Прежде всего мне важно, чтобы Вы знали: я еще должен как-то свыкнуться с тем, что сотворил, даже и теперь, когда обнаружил (в известной мере, разумеется, – мне не все известно), насколько существенной была моя роль в разоблачении родителей Офера, а может, именно поэтому. Совершенно ясно, что Рафаэль Шараби заслужил свое наказание, и мне не хотелось бы, чтобы это было иначе. Но мне тяжело оттого, что я оказался пружиной капкана, который Вы ему расставили (если это не звучит слишком самонадеянно). Задним числом я предпочел бы отказаться от Вашего «великодушного предложения» или, если точнее, оказаться человеком, который способен на отказ. К сожалению, я пока еще не таков. Когда я грызу себя за малодушие, из-за которого принял Ваше «предложение», я пытаюсь убедить себя, что у меня не было выбора, – из-за жены и сына. И говорю себе, что сегодня располагаю компроматом против полиции. Мы находимся нынче почти в равном положении, не так ли? Вам известны обо мне вещи, о которых я не желал бы никому сообщать, и я тоже знаю о Вас нечто, что Вам не хотелось бы разглашать (это не угроза).
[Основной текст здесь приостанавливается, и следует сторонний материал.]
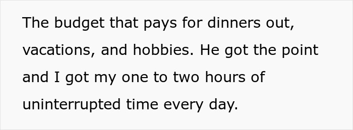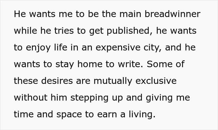 At the same time, the wife remained the main breadwinner for the whole family, because the husband was actually unemployed, counting on the fame and big money that awaited him. He refused to find any job, claiming that it would interfere with his creative work, and he also did not want to hire a nanny, because the OP stated that those services would then be funded from their fun budget.
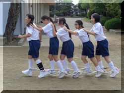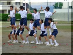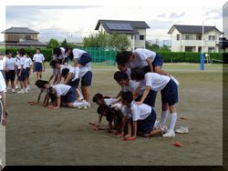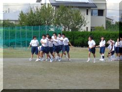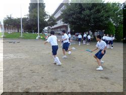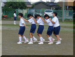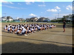今日はグランドがつかえる状態だったので、久々にグランドで練習ができました。赤・白・青の組別に団長を中心にリレーのバトン練習やムカデリレーの練習を行いました。最後にソーラン節の組別の発表がありました。
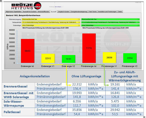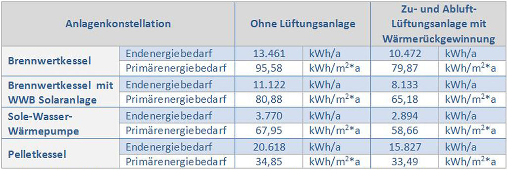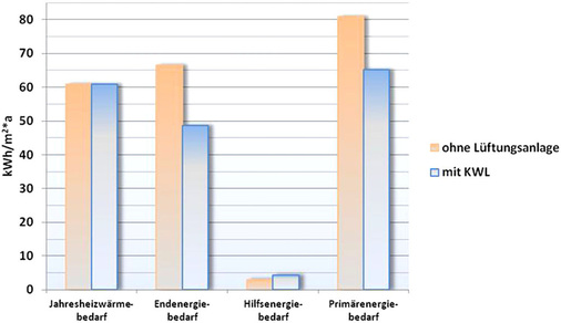 In allen Berechnungen ist der Hilfsenergiebedarf mit eingeflossen. Der höhere Strombedarf zum Antrieb der Lüftungsanlage relativiert sich uneingeschränkt mit dem wesentlich höheren Einsparpotenzial an Heizenergie durch die Wärmerückgewinnung.

Второе, что я хотел Вам написать – это то, что наша с Вами встреча глубоко меня разочаровала (я надеюсь, Вы сможете правильно понять мою искренность). Когда мы встретились, у меня возникло чувство, что у нас может выйти откровенный разговор, но, видимо, я в Вас ошибся. С первой же минуты Вы не понимали ни меня, ни моих намерений, поспешили меня осудить, и все, что я рассказал вам о своем участии в Офере, обернули в подозрения против меня – да настолько, что мне самому сегодня трудно вспоминать об отношениях с Офером, не заподозрив в них какие-то не те поползновения. И за это мне трудно Вас простить. Под конец Вы воспользовались моим доверием и уважением к Вам, чтобы достичь своих целей (кстати, Вы уже продвинулись в чине или получили благодарность за «успехи»?).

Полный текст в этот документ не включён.